Retrato do Artista Quando Jovem - Cap. 5: V Pág. 265 / 273

- Recordas-te do resto?

- Do que tu disseste, não é? - perguntou Cranly. - Sim.

Recordo-me. Descobrir a forma de vida ou de arte através da qual o teu espírito se possa expressar com total liberdade.

Stephen ergueu o chapéu, num cumprimento à sua memória.

- Liberdade! - repetiu Cranly. - Mas ainda não és suficientemente livre para cometer um sacrilégio. Diz-me cá, eras capaz de roubar?

- Preferia mendigar - disse Stephen.

- E se nada te dessem, serias capaz de roubar?

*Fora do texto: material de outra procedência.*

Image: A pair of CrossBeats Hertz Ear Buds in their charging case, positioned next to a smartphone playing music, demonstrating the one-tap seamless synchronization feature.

- Queres que eu diga - respondeu Stephen - que os direitos de propriedade são provisórios e que, em certas circunstâncias, não é ilícito roubar. Qualquer um o faria, com base nessa crença. Por isso, não vou dar-te essa resposta. Consulta o teólogo jesuíta Juan Mariana de Talavera, que te explicará em que circunstâncias poderás licitamente assassinar o teu rei e se seria preferível administrar-lhe o veneno numa taça ou espalhá-lo na sua túnica ou no arção da sua sela. Pergunta-me, antes, se eu consentiria em que me roubassem, e, se fosse roubado, se chamaria sobre os ladrões aquilo que julgo chamar-se a sanção do braço secular.

- Fá-lo-ias?

- Penso - disse Stephen - que isso me custaria tanto quanto ser roubado.

- Compreendo - disse Cranly.

Retirou o fósforo do bolso e começou a limpar o interstício entre dois dentes. Depois disse, em tom despreocupado:

- Diz-me, por exemplo, serias capaz de desflorar uma virgem?

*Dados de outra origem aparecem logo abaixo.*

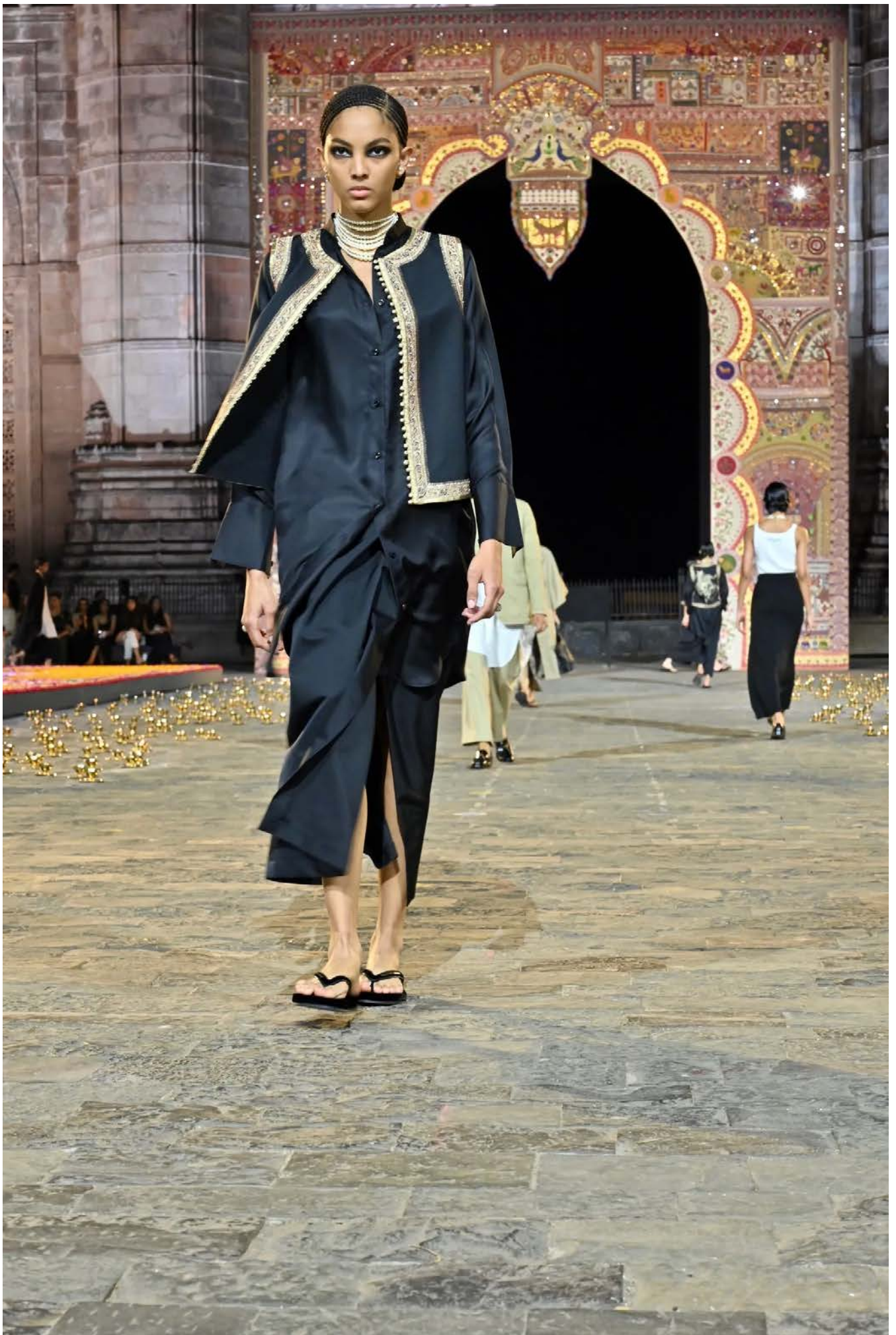
Rubina A. Khan/Getty Images

- Desculpa - disse Stephen, cortesmente -, mas não é essa a ambição da maior parte dos jovens cavalheiros?

- Qual é, então, o teu ponto de vista? - perguntou Cranly. A sua última frase, com um odor ácido semelhante ao do fumo de carvão, e deprimente, excitou o cérebro de Stephen, sobre o qual o fumo parecia pairar.